Joseph and Mary did indeed have to flee persecution; a few weeks after Jesus was born, they fled to Egypt because they learned that Israel’s King Herod was planning to murder Jesus. Under current U.S. immigration law, the Joseph/Mary/Jesus family would have been entitled to asylum in the United States because they would have been able to prove that they could not return to their home country “because of persecution or a well-founded fear of persecution on account of race, religion,nationality, membership in a particular social group, or political opinion.” 8 U.S.C.ยง 1101(a)(42)(A). (U.S. immigration officers and the reviewing court might not have credited Joseph’s fear of persecution, which was based on a dream. But hypothetically, the family could have called the Magi as witnesses, who could attest to Herod’s obsession with Jesus, and called other witnesses who could have testified about the Massacre of the Innocents that Herod had perpetrated in Israel.)
Accordingly, the Bible story of the Flight into Egypt could be usefully deployed in arguing against U.S. immigration law changes which would restrict entry by genuine refugees. The story could likewise be used to argue in favor of giving refugee status to Chinese families who are fleeing from the Chinese dictatorship’s forced abortion policies.
However, PCUSA opposition to the House immigration bill is not based on refugee issues, but rather on the bill’s attempt to stem the massive illegal immigration into the United States, principally from Mexico, for economic reasons. Thus, Giddings’ accurate statement that Mary and Joseph had to flee persecution is irrelevant. And her other statement disproves her case.
It is true, as she says, that “Jesus was not born in his home community.” His parents were living in Gallilee, but they were traveling to Bethlehem when Jesus was born. Why were they traveling? Not so that Joseph could live someplace illegally as an “undocumented worker,” but for the opposite reason. They were going to Bethlehem to comply with the Empire-wide tax and census decree issued by Augustus Caesar. Joseph, being from the House of David, had to go to David’s city because “everyone went to his own town to register.”
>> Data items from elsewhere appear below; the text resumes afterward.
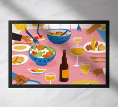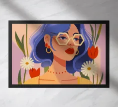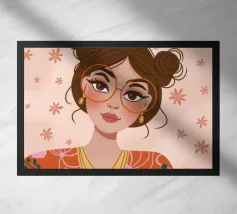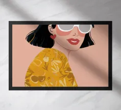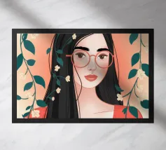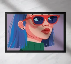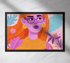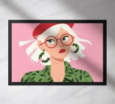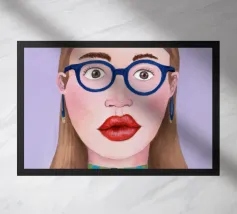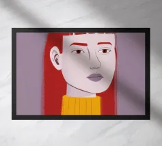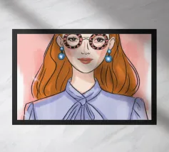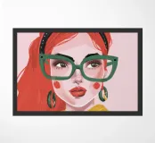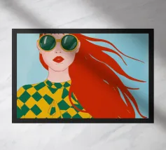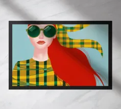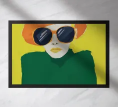 Questo vivace ritratto pop art presenta una rossa sicura di sé che indossa audaci occhiali verdi da gatta e un dolcevita giallo. Il mix di elementi retrò e moderni crea una divertente dichiarazione di intelligenza, stile e impavida individualità.
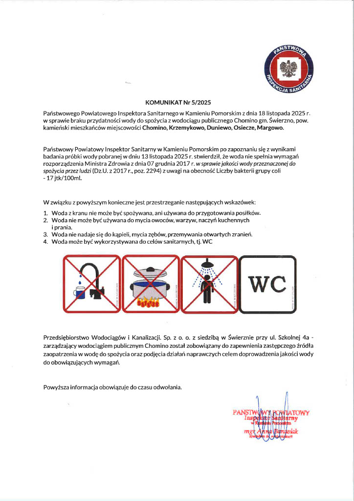 Państwowy Powiatowy Inspektor Sanitarny w Kamieniu Pomorskim wydał 18 listopada 2025 r. oficjalny komunikat dotyczący braku przydatności do spożycia wody z wodociągu publicznego Chomino w gminie Świerzno. Ostrzeżenie dotyczy mieszkańców miejscowości Chomino, Krzemykowo, Duniewo, Osiecze i Margowo.
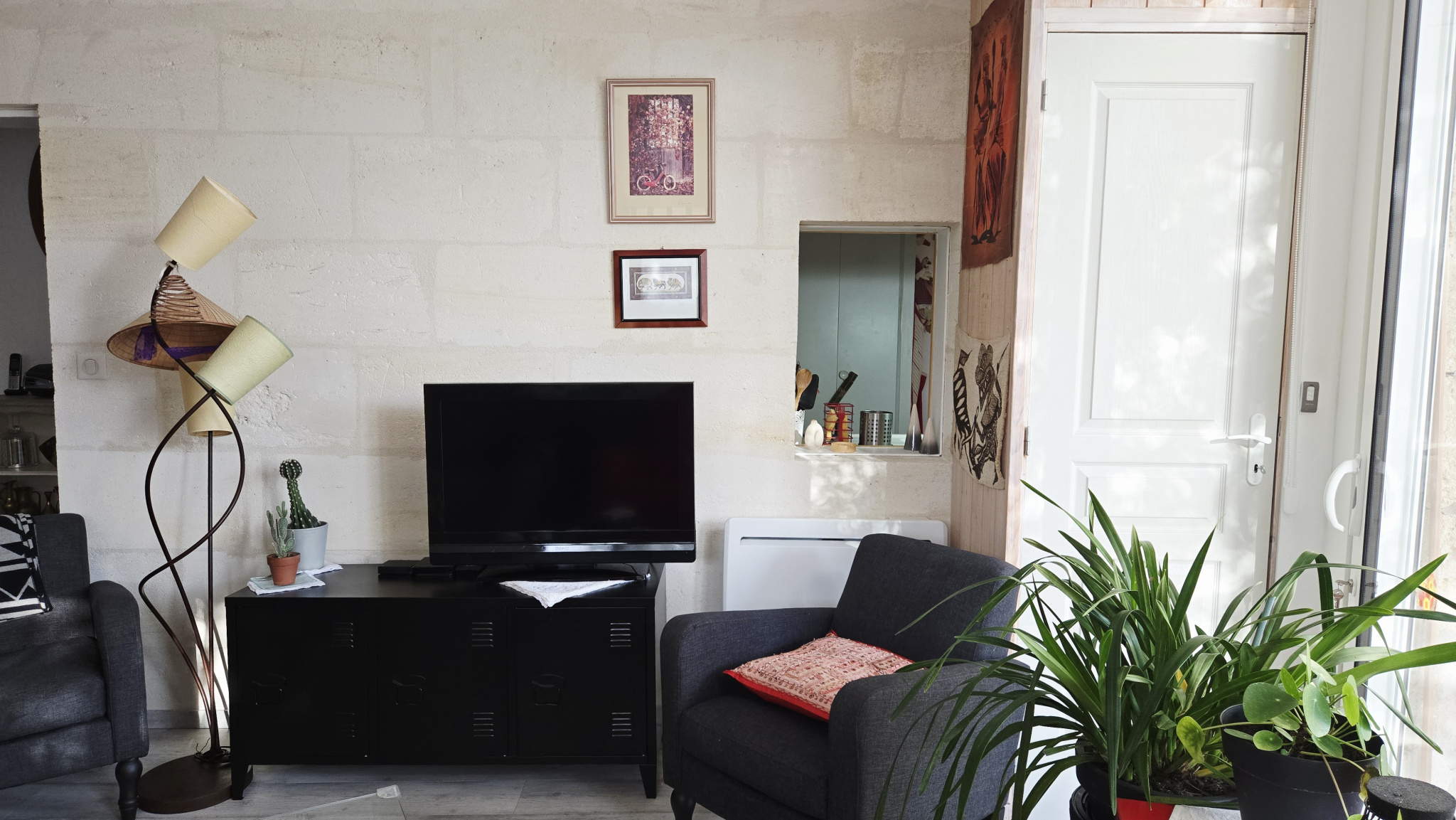 De part et d'autres de l'entrée, typique des girondines, vous trouverez d'un côté un joli séjour e...
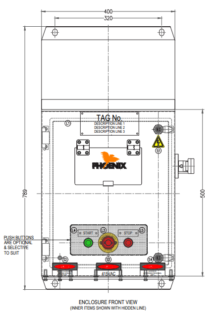 The Phoenix EMS Fully Welded LCS delivers secure, durable electrical control and termination in demanding industrial and mining environments. Its 316 stainless steel construction with IP66 protection ensures reliable performance even in harsh conditions, while internal cable management and top-hat stands simplify installation and maintenance.
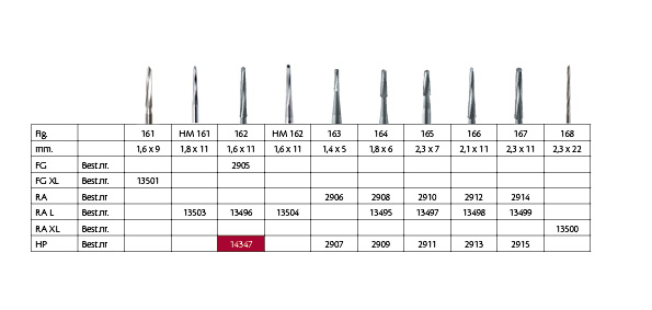 Knoglefræser i hårdmetal, til HP, 162, 1,6 x 11 mm.
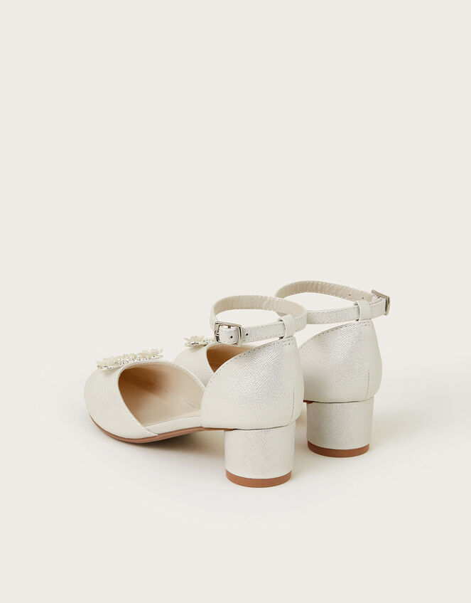 Just add party dress. These shimmery shoes are designed with a closed toe, short block heel and a flower-adorned butterfly brooch at the toes. Fastens with a buckle at the ankles for all day comfort whilst dancing. Silver
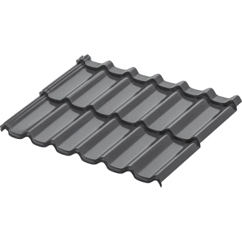 Металлическая модульная черепица Стокгольм XXL. Ключевым преимуществом металлической модульной черепицы AQUASYSTEM является скрытое крепление листов к обрешетке, что позволяет добиться непревзойдённой надёжности кровли и повышенной эстетики. Отличительной особенностью модульной черепицы являются стандартные размеры листов длиной в 2 модуля по 400 мм, что даёт колоссальные преимущества при хранении и транспортировке поддонов с черепицей. Имеет максимальную защиту от коррозии (первый класс цинкования) и повышенную УФ-стабильность.
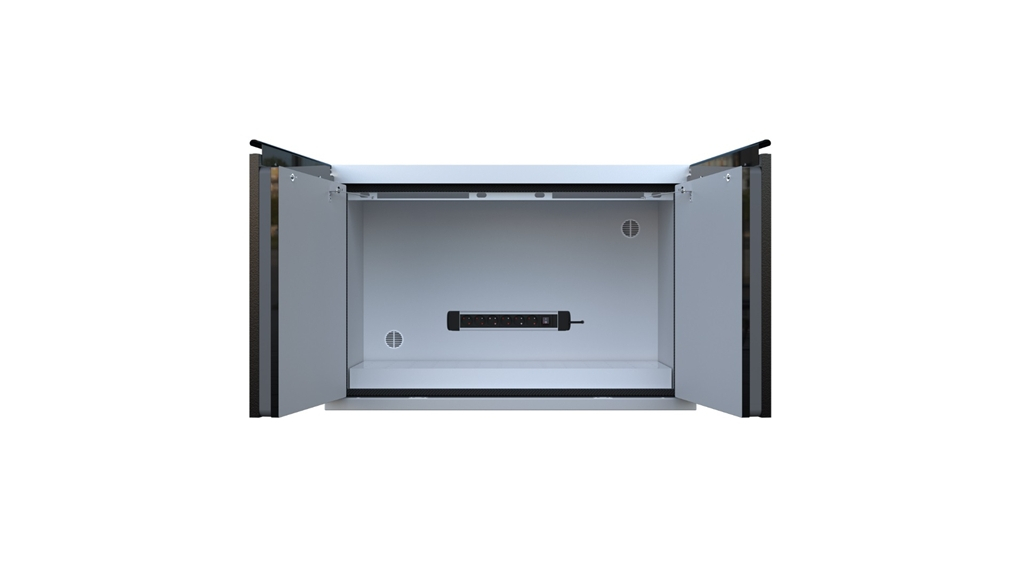 Armoire basse LithiumVault 2 portes avec rack de prises électriques conçue pour le stockage et le chargement de batteries lithium-ion.
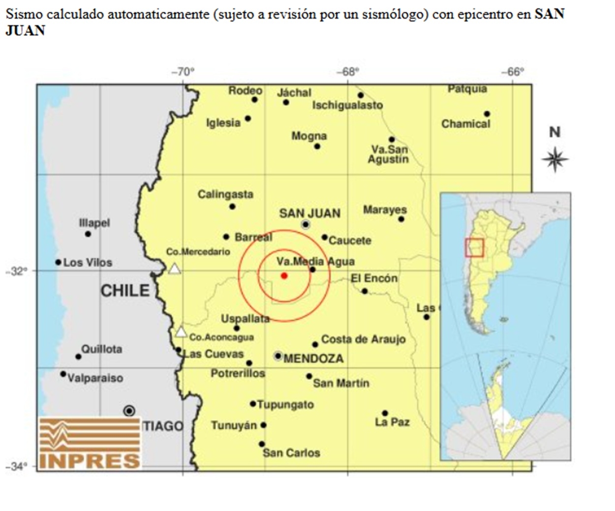 Según informó el Instituto Nacional de Prevención Sísmica (INPRES), el temblor tuvo epicentro a 35 kilómetros al Sur de San Juan, 91 kilómetros al Norte de Mendoza y a 34 kilómetros al Oeste de Media Agua.
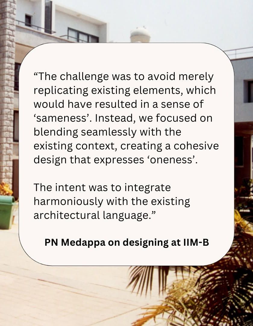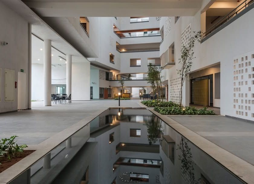We have a long history of designing for the IIM Bangalore campus, creating student housing that fosters interaction and learning outside the classroom. Our designs reinterpret the campus's architectural legacy, balancing the need for higher density with the creation of intimate, human-scaled courtyards and breakout spaces.
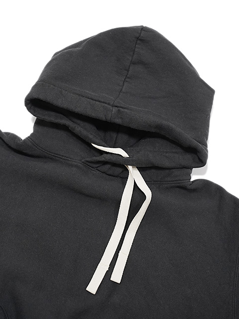 オリジナルの裏起毛スェット素材は"Vintage Wash"をかけ質感を向上させています。裏⽑のループはタオルの様なパイル形状で編み込む事により⽷の間に空気を含ませ快適な着⼼地と保温性が有り吸⽔性から蒸れにくい素材になっております。身頃の生地をリバースウィーブのように横使いにし、縦方向への縮みを軽減しています。
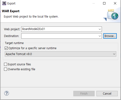 배포하고 싶은프로젝트 우클릭 -> Export -> WAR file
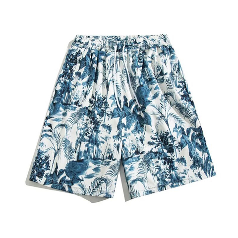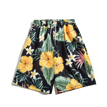 Pantalones cortos de playa de verano 100% algodón con patrón Hawaiano de marca personalizada precio al por mayor adultos jóvenes adolescentes tema tropical moda informal
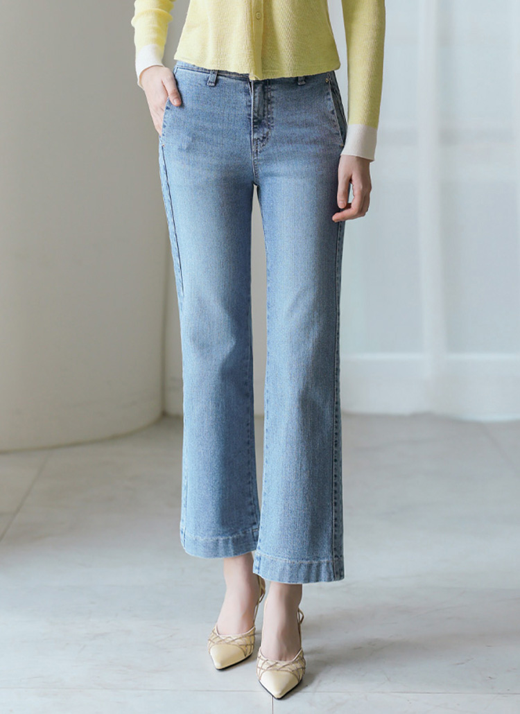 더 길고 슬림한 레그라인을 연출해주는 세미 와이드 데님 팬츠에요 :)
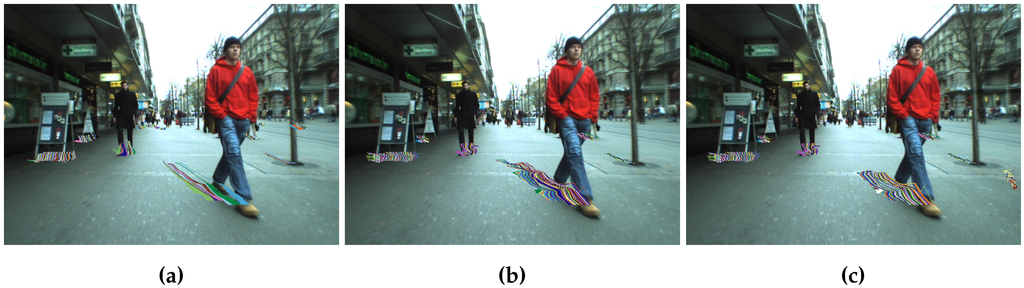 Configurations 1 and 2 [7] fall quite fast, with a recall below 70% after just five frames. Furthermore, the contribution is not clear. Two-level tracking methods yield better results, especially when . The second tracking level filters much of the noise, making tracking more reliable. Figure 16 shows qualitative results for Configurations 1, 5 and 7. The trajectories obtained for Configuration 5 are the longest and smoothest, and the effect of avoiding multiple matches for the same stixel are also evident. In Configuration 1, the trajectories for many stixels start from the same single stixel. Configurations 5 and 6 use and Configurations 3 and 4 . Histograms are normalized just before matching, while the sum of absolute differences is done pixel by pixel. This results in longer tracks in Configurations 5 and 6, since matching is more robust to illumination changes.
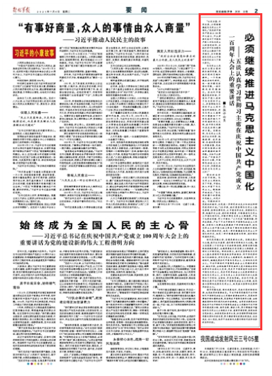 ——五谈认真学习贯彻习主席在庆祝中国共产党成立一百周年大会上的重要讲话
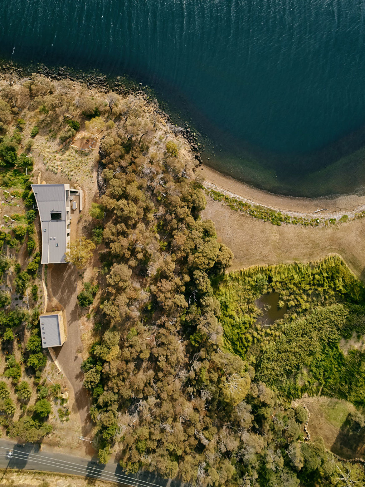 Beginning outside, an understated entry forecourt is formed between the house and the boatshed. As you move through the internal spaces, the house physically and visually opens up. Built along an east-west curved spine wall, the roof curves up at either end and the western wall at the far end of the property is floor-to-ceiling glass, featuring expansive, uninterrupted views across the water and as far as Kunyani, Mount Wellington.

Many historians find it unlikely that there really was a universal tax/census around the time of Jesus’s birth, and even more unlikely that a Roman tax would have required people to travel to ancestral towns for registration. But for purposes of argument, I’m accepting Giddings’ implicit claim that the story about Jesus being born away from his home community is true.
In any case, one of the symbolic points made by the story is that Joseph and his very pregnant spouse went far out the way (literally) to comply with a government tax and census law. Some scholars suggest that one original purpose of the passage, when it was written sometime around the middle or latter part of the first century, was to show the Roman authorities that Christians were not lawless rebels, but in fact were extremely law-abiding and submissive to government authority (as long as the authority did not interfere with Christian religious practices). Whatever you want to say about Joseph the carpenter, you have to admit that he did everything possible to make sure that he was not an “undocumented worker.”
There are many interesting pro and con arguments based on the Judeo-Christian tradition, and on other religious traditions, which can be applied to the immigration reform debate. But there are some Bible-based arguments which are obviously nonsensical and self-contradictory; you can’t use the Sermon on the Mount to argue that personal revenge is a virtue, or David & Goliath to argue that slings ought to be outlawed, or Noah’s Ark to claim the emergency preparedness is sinful. Likewise, it is preposterous to invoke the story of the Gallilean baby’s birth in Bethlehem to assert that it is immoral to enforce laws requiring people to pay taxes and declare their lawful identity.